=== DATA PROVIDED ===

[Start of Attachment]

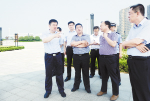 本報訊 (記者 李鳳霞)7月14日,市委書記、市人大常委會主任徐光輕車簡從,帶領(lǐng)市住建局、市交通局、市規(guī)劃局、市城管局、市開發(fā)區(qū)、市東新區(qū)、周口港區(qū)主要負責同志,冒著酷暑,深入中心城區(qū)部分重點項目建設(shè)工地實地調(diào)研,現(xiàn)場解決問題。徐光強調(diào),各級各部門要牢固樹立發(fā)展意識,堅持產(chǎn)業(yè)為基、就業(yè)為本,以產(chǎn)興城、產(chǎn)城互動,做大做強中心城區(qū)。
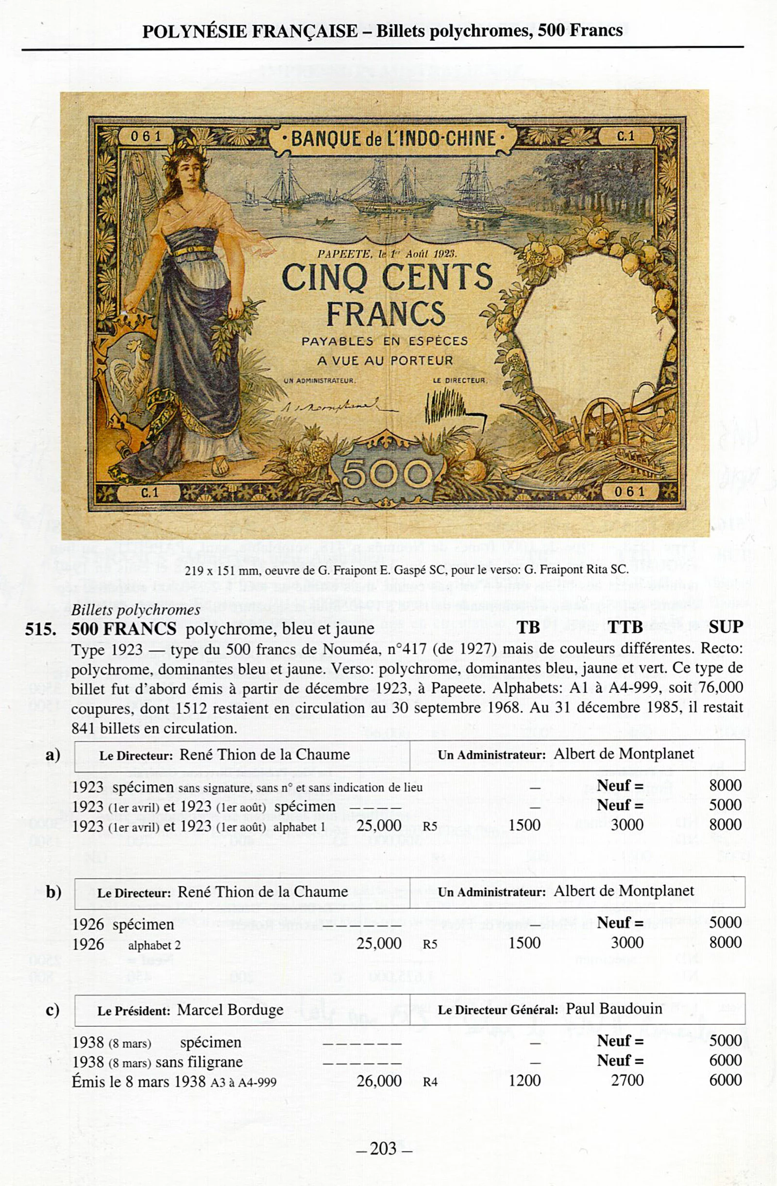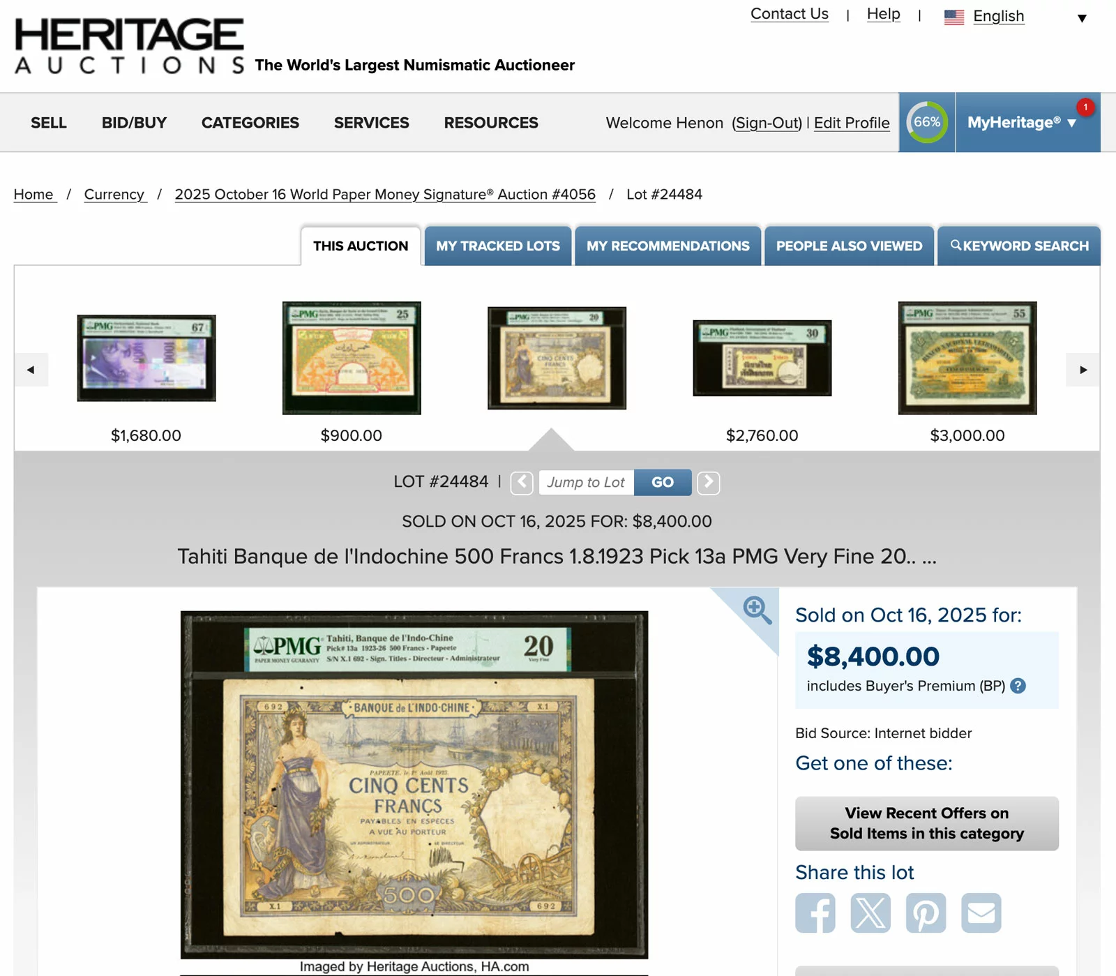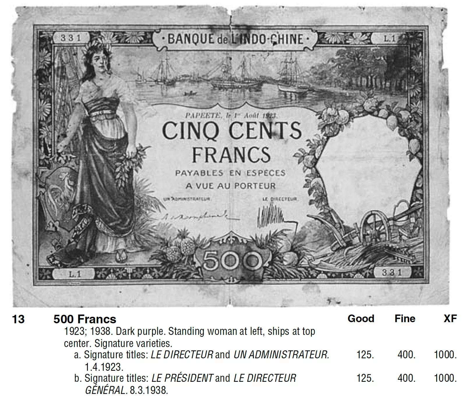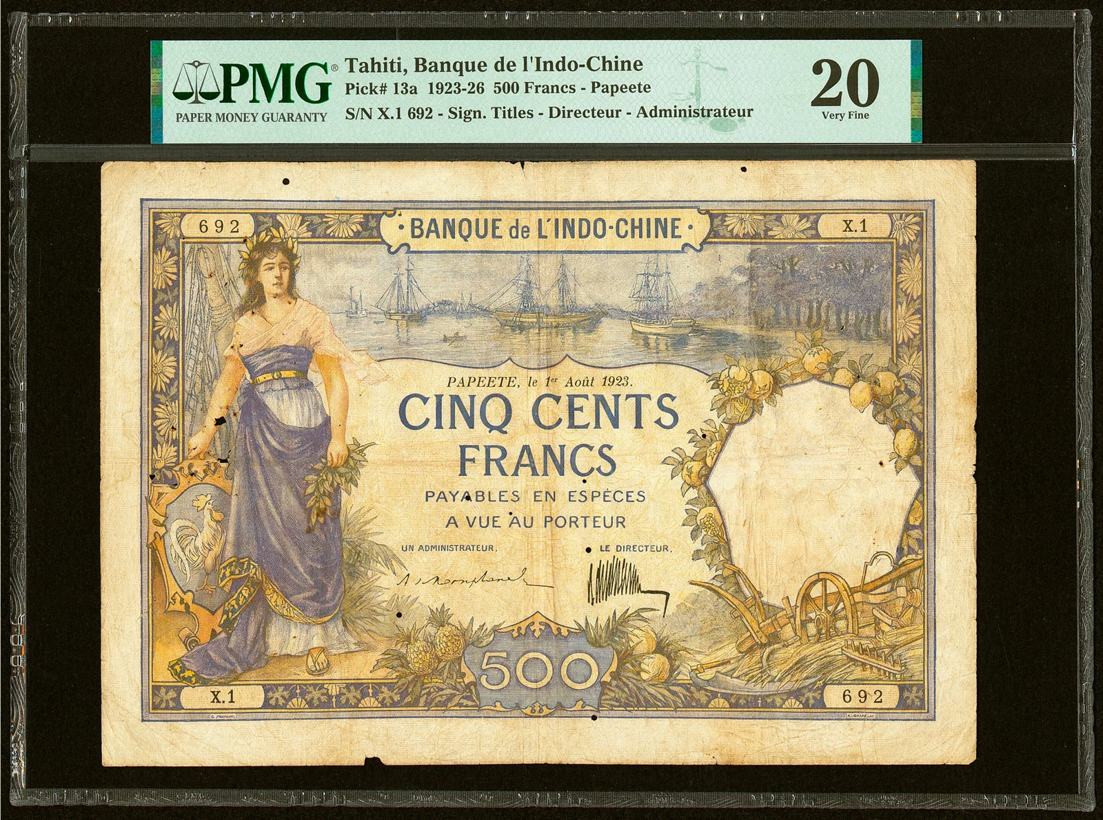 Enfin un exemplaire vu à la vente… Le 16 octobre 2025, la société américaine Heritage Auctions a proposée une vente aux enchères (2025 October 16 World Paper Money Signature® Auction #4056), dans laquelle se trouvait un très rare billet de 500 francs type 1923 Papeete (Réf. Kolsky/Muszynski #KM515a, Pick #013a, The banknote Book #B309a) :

[End of Attachment]
[Start of Attachment]

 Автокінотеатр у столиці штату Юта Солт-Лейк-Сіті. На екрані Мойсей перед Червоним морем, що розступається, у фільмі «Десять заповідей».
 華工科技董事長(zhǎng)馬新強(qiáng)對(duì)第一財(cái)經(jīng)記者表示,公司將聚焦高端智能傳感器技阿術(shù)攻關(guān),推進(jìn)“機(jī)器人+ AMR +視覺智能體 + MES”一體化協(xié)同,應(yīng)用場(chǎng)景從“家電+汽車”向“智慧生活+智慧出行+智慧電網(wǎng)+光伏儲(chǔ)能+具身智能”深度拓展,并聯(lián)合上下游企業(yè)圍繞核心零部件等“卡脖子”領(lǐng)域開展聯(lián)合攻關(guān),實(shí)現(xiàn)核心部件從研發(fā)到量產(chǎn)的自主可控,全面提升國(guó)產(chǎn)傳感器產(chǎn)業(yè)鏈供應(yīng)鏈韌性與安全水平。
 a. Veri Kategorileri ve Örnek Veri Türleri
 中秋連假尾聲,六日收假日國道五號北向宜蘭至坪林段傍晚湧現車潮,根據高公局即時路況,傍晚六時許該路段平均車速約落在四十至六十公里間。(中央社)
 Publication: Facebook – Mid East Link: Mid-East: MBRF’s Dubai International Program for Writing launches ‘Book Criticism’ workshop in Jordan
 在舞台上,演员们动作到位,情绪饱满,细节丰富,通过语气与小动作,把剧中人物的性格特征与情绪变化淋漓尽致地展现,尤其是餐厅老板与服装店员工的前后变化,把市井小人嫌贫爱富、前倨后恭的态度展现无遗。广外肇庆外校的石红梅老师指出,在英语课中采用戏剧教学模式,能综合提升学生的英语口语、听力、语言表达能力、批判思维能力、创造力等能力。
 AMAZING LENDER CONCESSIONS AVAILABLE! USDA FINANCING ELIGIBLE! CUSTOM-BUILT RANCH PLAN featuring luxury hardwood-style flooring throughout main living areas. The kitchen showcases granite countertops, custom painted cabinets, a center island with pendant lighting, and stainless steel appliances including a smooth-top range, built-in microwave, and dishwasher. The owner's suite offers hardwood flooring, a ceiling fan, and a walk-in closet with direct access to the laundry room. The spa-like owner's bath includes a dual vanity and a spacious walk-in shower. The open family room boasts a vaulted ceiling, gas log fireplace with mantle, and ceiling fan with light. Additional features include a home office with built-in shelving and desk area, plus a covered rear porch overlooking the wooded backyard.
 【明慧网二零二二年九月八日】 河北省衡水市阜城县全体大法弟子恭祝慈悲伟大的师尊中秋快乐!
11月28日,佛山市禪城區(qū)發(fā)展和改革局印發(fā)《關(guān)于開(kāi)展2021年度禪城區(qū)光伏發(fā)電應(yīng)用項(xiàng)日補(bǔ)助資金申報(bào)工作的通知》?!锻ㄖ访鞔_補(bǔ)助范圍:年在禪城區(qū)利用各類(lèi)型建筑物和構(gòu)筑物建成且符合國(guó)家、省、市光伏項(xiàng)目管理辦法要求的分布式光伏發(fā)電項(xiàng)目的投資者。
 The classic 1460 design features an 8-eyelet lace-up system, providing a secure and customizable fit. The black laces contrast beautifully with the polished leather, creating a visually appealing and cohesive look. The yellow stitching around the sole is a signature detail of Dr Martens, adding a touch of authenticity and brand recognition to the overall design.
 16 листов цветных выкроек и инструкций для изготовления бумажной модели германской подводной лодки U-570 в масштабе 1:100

[End of Attachment]

Look above for the line with "11月28日,佛山市禪城區(qū)發(f" and the line with "The classic 1460", and reproduce exactly those two lines plus every line between, nothing more.

=== OUTPUT FOR THIS EXERCISE ===
11月28日,佛山市禪城區(qū)發(fā)展和改革局印發(fā)《關(guān)于開(kāi)展2021年度禪城區(qū)光伏發(fā)電應(yīng)用項(xiàng)日補(bǔ)助資金申報(bào)工作的通知》?!锻ㄖ访鞔_補(bǔ)助范圍:年在禪城區(qū)利用各類(lèi)型建筑物和構(gòu)筑物建成且符合國(guó)家、省、市光伏項(xiàng)目管理辦法要求的分布式光伏發(fā)電項(xiàng)目的投資者。
 The classic 1460 design features an 8-eyelet lace-up system, providing a secure and customizable fit. The black laces contrast beautifully with the polished leather, creating a visually appealing and cohesive look. The yellow stitching around the sole is a signature detail of Dr Martens, adding a touch of authenticity and brand recognition to the overall design.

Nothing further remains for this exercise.